Souvent les coûts pour atteindre les agriculteurs dans les zones les plus reculées et peu équipées en infrastructures sont rédhibitoires et dissuadent les entreprises d’y investir. Dans le cas du programme du CTA, l’équilibre s’est construit sur un partenariat entre quatre “piliers”, détaille Oluyede Ajayi : les organisations d’agriculteurs “qui nous disaient quand nous nous trompions”, les chercheurs et les sélectionneurs qui produisent les technologies, des acteurs du secteur privé “qui construisent les plateformes numériques ou commercialisent les semences”, et enfin les responsables politiques qui peuvent modifier les lois ou les réglementations. Au final, quatre ans après le début du programme en 2014, le profil de 4 200 agriculteurs a été numérisé afin qu’ils reçoivent des informations météo sur mesure, 10 000 ont eu la possibilité d’acheter ou de se renseigner sur des variétés de céréales améliorées lors de foires aux semences, 1 000 vulgarisateurs ont été formés aux régimes d’assurance spécifiques à l’agriculture et 500 petits détaillants agricoles ont été formés aux dynamiques de l’offre et de la demande.

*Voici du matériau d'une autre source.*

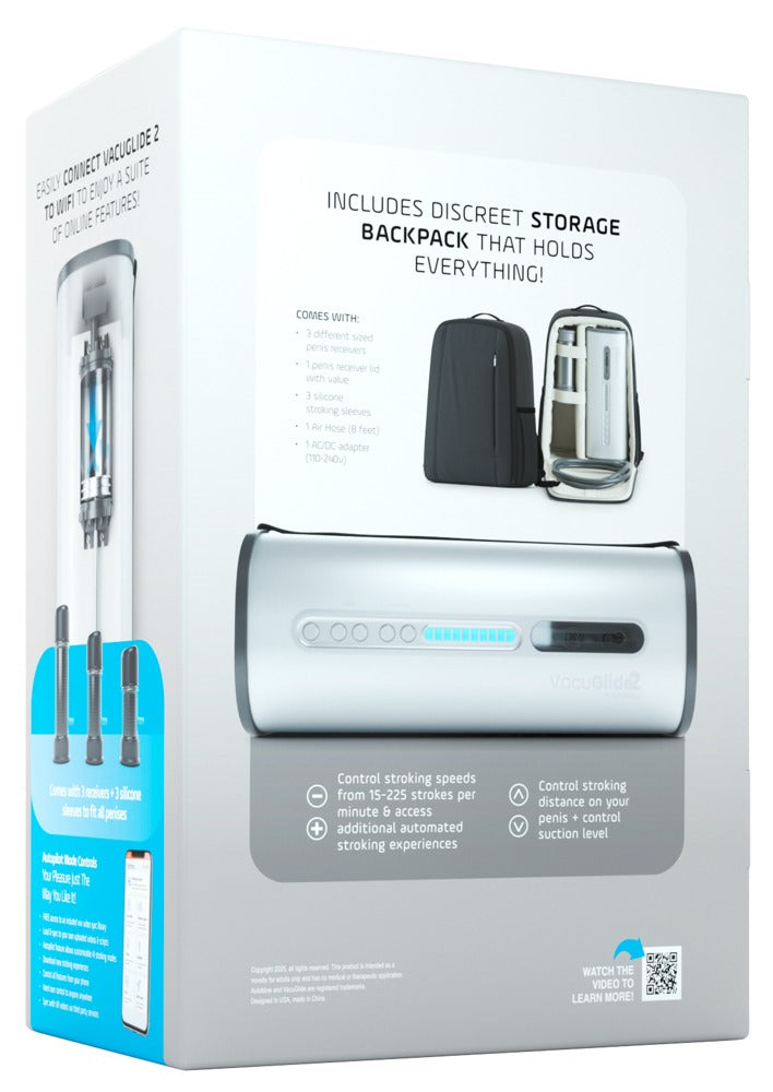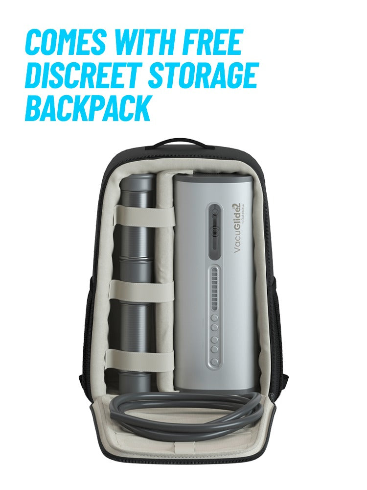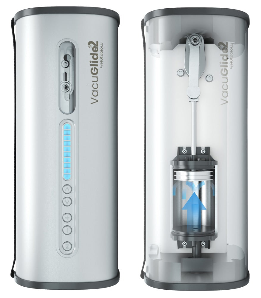 VacuGlide 2 er strømforsynet for stabil, uafbrudt brug og leveres med flere cylindre og sleeves, så pasformen altid føles rigtig.
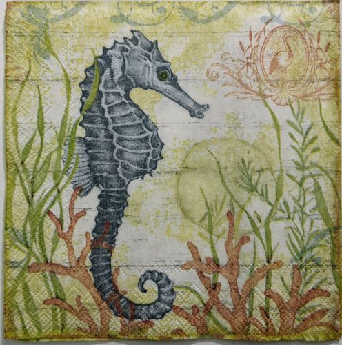 TWO Individual Paper Cocktail Decoupage Napkins - Sea Horse And Coral 1256
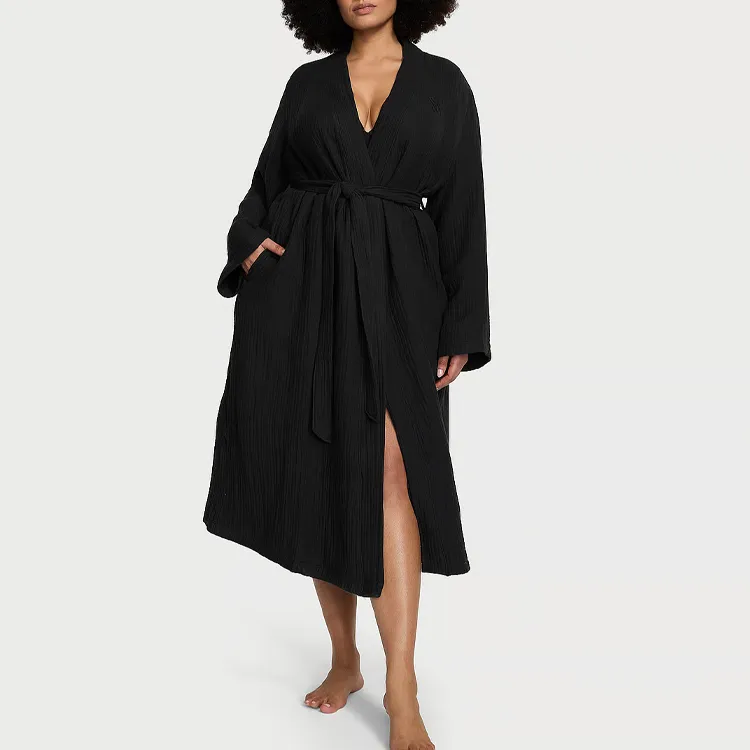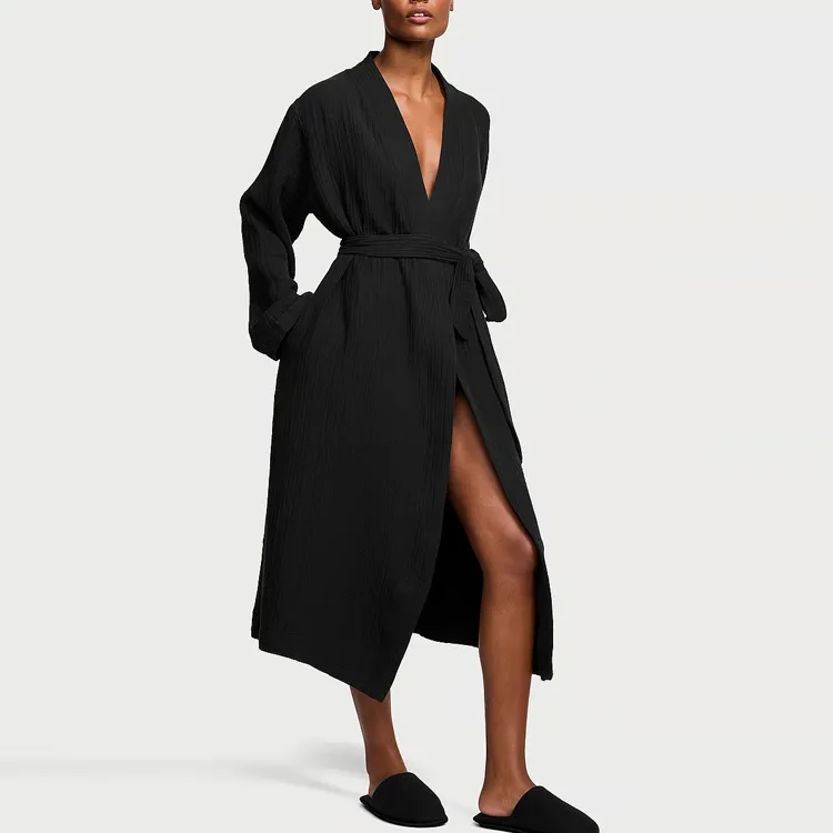 Victoria's Secret Розовый Victoria's Secret Хлопок Марля Spa Robe Черный Sleep Robe Женские Черный
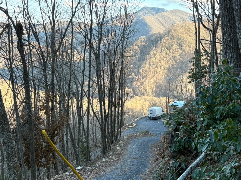 On Thursday, we formed a two-vehicle caravan headed from Nashville to Maggie Valley, North Carolina, to open the kids’ Glamping tent for the season.  The trip took us on I-40 to Newport, Tennessee, where we detoured up US 25 to bypass the closed section of I-40, destroyed by hurricane Helene last fall.  The French Broad River along US 25 was also the site of much devastation wrought by the hurricane, with much of the lowlands along the river scoured of trees and structures.  The route twisted and turned, becoming tortuous as we departed the river, winding through a maze of country roads over the foothills of the Smoky Mountains.  One climbing set of tight curves knocked over our drinking water supply, which Judy hastily righted, but several liters spilled on the van floor, spreading in rivulets as the van shifted from side to side on the mountain road.  The spout broke, but the pump still works.

Pour évaluer si les conditions d’un changement d’échelle durable et efficace sont réunies, l’initiative PPPLabs – dans laquelle la SNV est impliquée – a donc développé, en collaboration avec le CIMMYT, l’outil “Scaling Scan”. Pour cela, de nombreux partenariats public-privé (PPP) ont été interrogés sur leurs ambitions et méthodes en matière de changement d’échelle. “Nous avons réalisé que ces PPP s’impliquent dans dix types différents d’activités”, explique Floortje Jacobs, de la SNV. “Nous les appelons les ‘10 ingrédients pour changer d’échelle’” : usages de la technologie et pratiques ; sensibilisation et demande commerciale ; cas d’études commerciales ; chaîne de valeur ; financement ; connaissances et compétences ; collaboration ; preuves et apprentissage ; leadership et gestion ; gouvernance du secteur public. Le “Scaling Scan” est essentiellement une liste de questions permettant aux PPP de s’auto-évaluer et d’estimer si tous les ingrédients sont réunis. Mais la réussite d’un changement d’échelle “dépend du type d’innovation, ainsi que du contexte économique et politique, etc”, conclut Floortje Jacobs. “Malheureusement, il n’y a pas de recette unique.”